The week he opened the first No Frills, in July 1978, in Toronto, Dave Nichol told Canadian Grocer that he wasn’t sure at first the hard-discount format would work.
Only after seeing new No Name products (launched a few months earlier) flying off of Loblaw’s shelves was he convinced. “After the success of generics, I don’t believe in hard and fast rules,” he said.
Nichol, the longtime Loblaw Supermarkets president, was innovative because he didn’t follow rules. The Chatham, Ont., native who appeared in TV ads for the grocer’s President’s Choice and No Name brands in the ’80s and ’90s, passed away last month. He was 73.
Nichol helped build President’s Choice into one of Canada’s top brands. He also introduced the Insider’s Report, a flyer that told stories of the products he brought to customers.
“He was one of the first to have the concept to sell the story behind the product with the Insider’s Report,” says Queen’s School of Business marketing professor Ken Wong.
Thanks to TV, Nichol became the most well-known grocery executive in Canada. In dozens of ads he explained the virtues of the latest and greatest President’s Choice items–from the Decadent Chocolate Chip Cookie to Memories of Kobe Marinade.
“It’s five o’clock,” he started out in one ad. “Your wife phones and says her boss enjoyed the Szechwan Peanut Sauce so much that tonight he wants to find out how good you are at barbecuing. She tells you they’ll be home in one hour. You don’t have anything prepared. What do you do?”
Nichol’s solution: “Stroll over to a store that sells President’s Choice and pick up a package of marinated chicken portions.”
Paul Uys, whom Nichol recruited from Woolworths in South Africa in the 1980s, says Nichol’s brilliance sprang from three characteristics: he was a foodie (“He had an incredible palate,” Uys says); he understood what consumers wanted and how to speak to them; and he was a marketing genius.
“He had a real keen sense of what was going to sell,” Uys says.
Nichol joined Loblaw in 1972 and was appointed president of Loblaw Supermarkets four years later. In 1978 he launched No Name. The cheap, everyday product line was a response to food inflation, which in 1978 had reached 16%.
As the economy improved in the 1980s, consumers wanted better products. Loblaw responded with President’s Choice and Nichol began appearing in TV ads.
“He was like a folk hero to consumers and clearly put premium private label on the map in this country,” says former Sobeys president Bill McEwan.
After leaving Loblaw, in 1993, Nichol worked for a subsidiary of Cott Corporation. He left in the late ’90s to start his own retail consulting firm, Dave Nichol & Associates.

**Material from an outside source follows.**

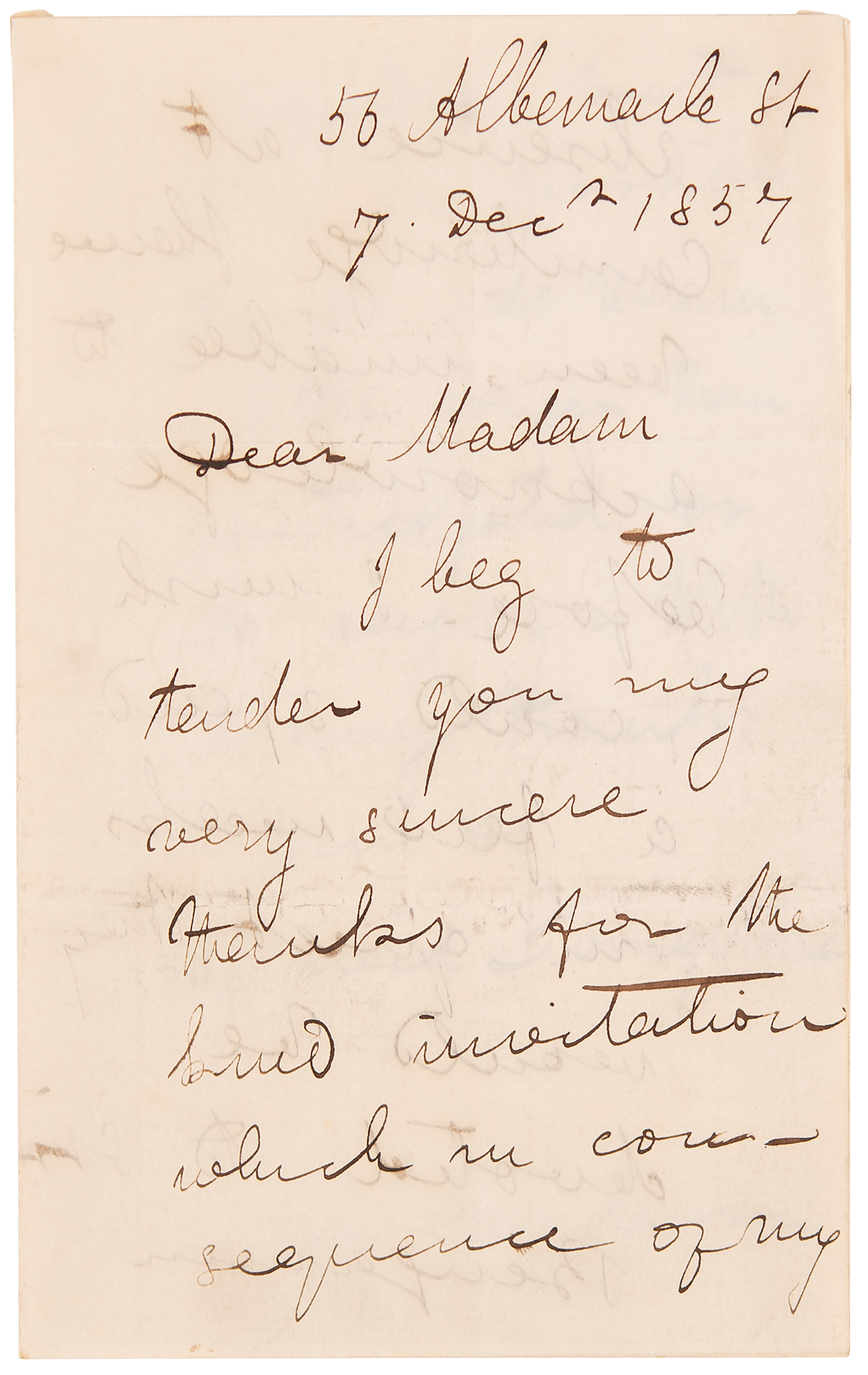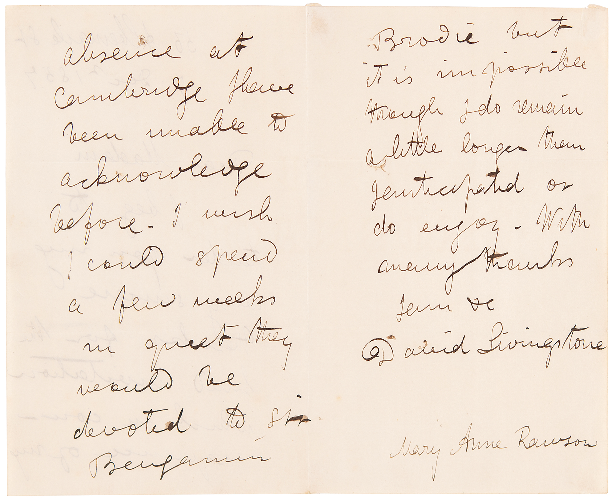 Scottish missionary and explorer (1813–1873) who 'disappeared' on an expedition to find the source of the Nile only to be famously rediscovered by Henry M. Stanley several years later. ALS, three pages on two adjoining sheets, 4.5 x 7.25, December 7, 1857. Addressed from Albemarle Street in London, a handwritten letter to abolitionist Mary Anne Rawson, in full: “I beg to tender you my very sincere thanks for the kind invitation which in consequence of my absence at Cambridge I have been unable to acknowledge before. I wish I could spend a few weeks in quiet they would be devoted to Benjamin Brodie but it is impossible though I do remain a little longer than anticipated or do enjoy.” Included with the letter are two pieces of wood, 2.5˝ x .75˝ and 2˝ x 1.5˝, both bearing affixed sheets with handwritten affirmations identifying them as deriving “from the tree under which was buried the heart of Dr. Livingstone.” Includes four leaves from said burial tree, as well as a period transmittal envelope annotated “Leaves from the tree under which Livingstone's heart was buried, given by the Rev R. Stewart Wright.” R. Stewart Wright (1858-1932) was an Edinburgh-born missionary with the London Missionary Society in Africa. In fine condition.

At Loblaw, Nichol promoted good food but never forgot to hammer home value, too. In one 1989 ad, he pulled out an independent taste test comparing 11 brands of ground coffee. President’s Choice was top, with No Name tied for fourth. This meant No Name was “preferred to six national brands that cost up to 50% more,” he said.
Then came the pitch: “If you really care about the quality of the coffee you drink but you’re not currently shopping at a store that sells the President’s blend or No Name ground coffee, then isn’t it time you switched supermarkets?”
Viewers, of course, knew the answer.